# Compute Bin Abundances for Kalø Vig and Løgten

The purpose of this notebook is to compute bin abundances. The abundance can be computed through the proxy of the contig depths computed by MetaBAT 2 (option `--jgi_summarize_bam_contig_depths`). For each bin, the mean value of depth of all the contigs contained in that bin is reported.

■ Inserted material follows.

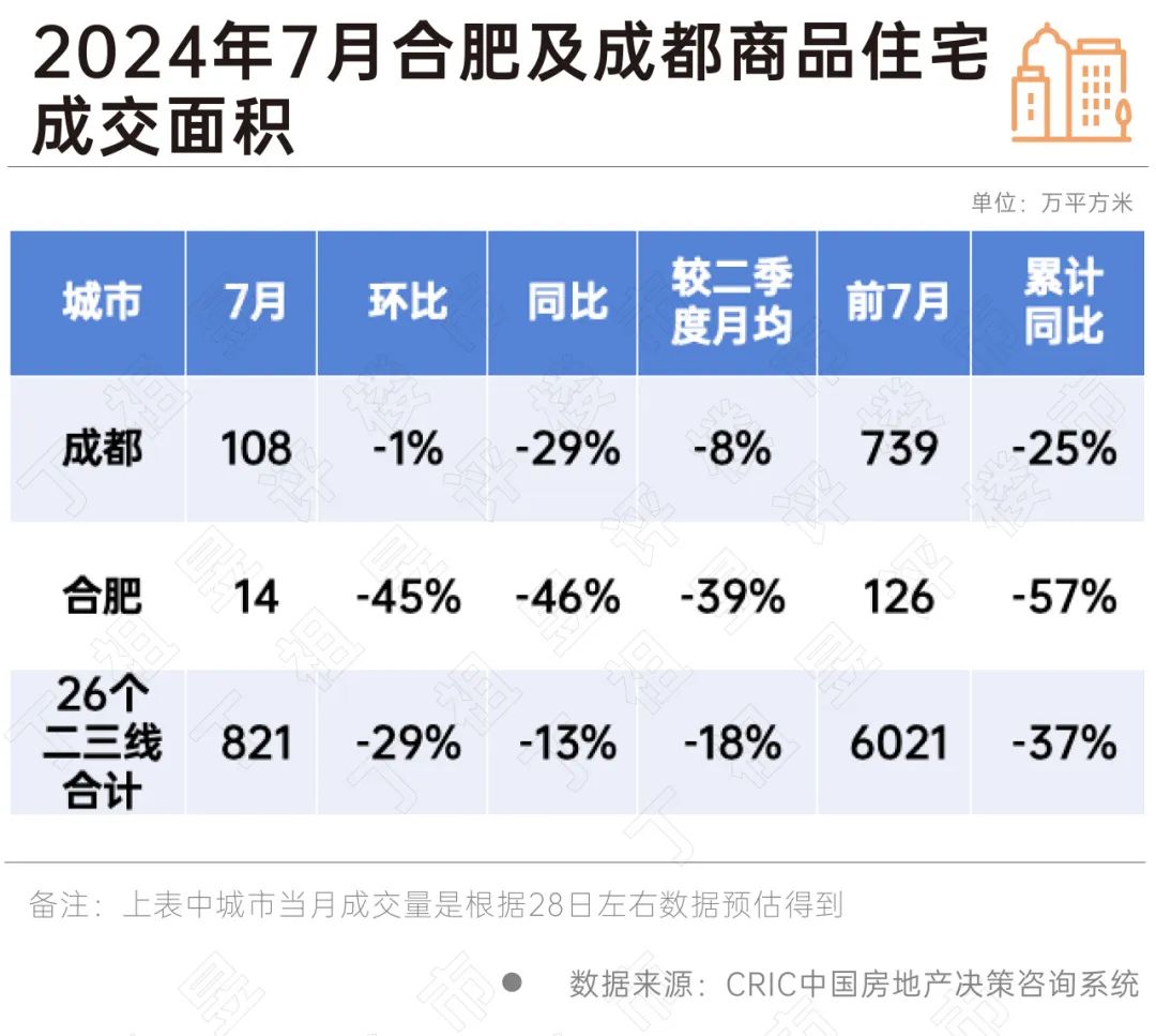 但进入2024年,合肥新房市场加速降温。截至2024年7月,合肥商品住宅成交面积约126万平方米,累计同比下降57%,明显高于二三线重点城市平均37%的降幅。

Next, the resulting dataset is merged with another dataset containing quality metrics.

In [1]:
import os
import re
from pathlib import Path

import pandas as pd

In [2]:
# Open contig depth files generated by MetaBAT 2
kaloevig_contig_depth = pd.read_table(
    "kaloevig_bins_contig_depths/kaloevig_bam_contig_depths.tsv",
    usecols=["contigName", "totalAvgDepth"],
)
loegten_contig_depth = pd.read_table(
    "loegten_bins_contig_depths/loegten_bam_contig_depths.tsv",
    usecols=["contigName", "totalAvgDepth"],
)

In [3]:
# Remove S1C from contig names to match them with bin contig names
kaloevig_contig_depth["contigName"] = kaloevig_contig_depth["contigName"].str[3:]
loegten_contig_depth["contigName"] = loegten_contig_depth["contigName"].str[3:]

In [4]:
# Convert txt files into tsv files for merging
for file in os.listdir("kaloevig_contig_names/"):
    p = Path("kaloevig_contig_names/" + file)
    p.rename(p.with_suffix(".tsv"))

# Convert txt files into tsv files for merging
for file in os.listdir("loegten_contig_names/"):
    p = Path("loegten_contig_names/" + file)
    p.rename(p.with_suffix(".tsv"))

In [5]:
def compute_depth(contigs_path, depth_file):
    """
    Take bin contigs from a path, merge them with a depth file,
    and return a dataframe with bin ids and their  average depths (i.e., abundances).

    Parameters
    ----------
    contig_path : str
        Directory with tsv files for each bin that contain contig ids of that bin.
    depth_file : pd.DataFrame
        DataFrame containing contig names and their average total depth.

    Returns
    -------
    pd.DataFrame
        Dataframe with bin ids and their relative depths (i.e., abundances).
    """
    # Pattern to extract bins names from filenames
    pattern = re.compile(".+?(?=.fa_contig_names)")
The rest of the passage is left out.